• [Description of the task]:
It would help if you retyped the data exactly, leaving out the pictures.

• [Collected data]:
------------

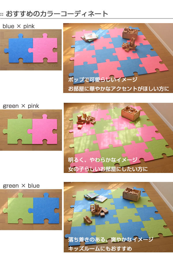 吸音パズルマット フェルメノン フェルト 40x40cm ( 防音マット 吸音 パズルマット フロアマット 足音 騒音 対策 フローリングマット ジョイント 連結 かわいい )
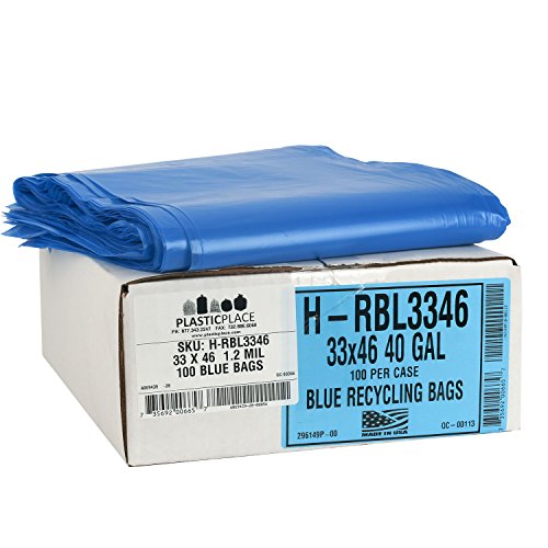 Plasticplace Blue Recycling Bags 40 Gallon 23x10x46 1.2 Mil 100 per Case
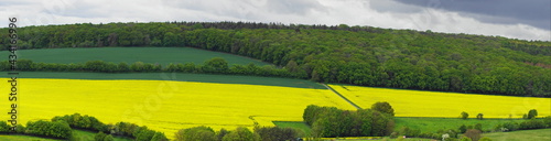 © HüSo, Obraz premium Panorama mit Blick auf ein Rapsfeld im Rheingau und einem Wald rundherum

------------

• [Solution to this task]:
 吸音パズルマット フェルメノン フェルト 40x40cm ( 防音マット 吸音 パズルマット フロアマット 足音 騒音 対策 フローリングマット ジョイント 連結 かわいい )
 Plasticplace Blue Recycling Bags 40 Gallon 23x10x46 1.2 Mil 100 per Case
 © HüSo, Obraz premium Panorama mit Blick auf ein Rapsfeld im Rheingau und einem Wald rundherum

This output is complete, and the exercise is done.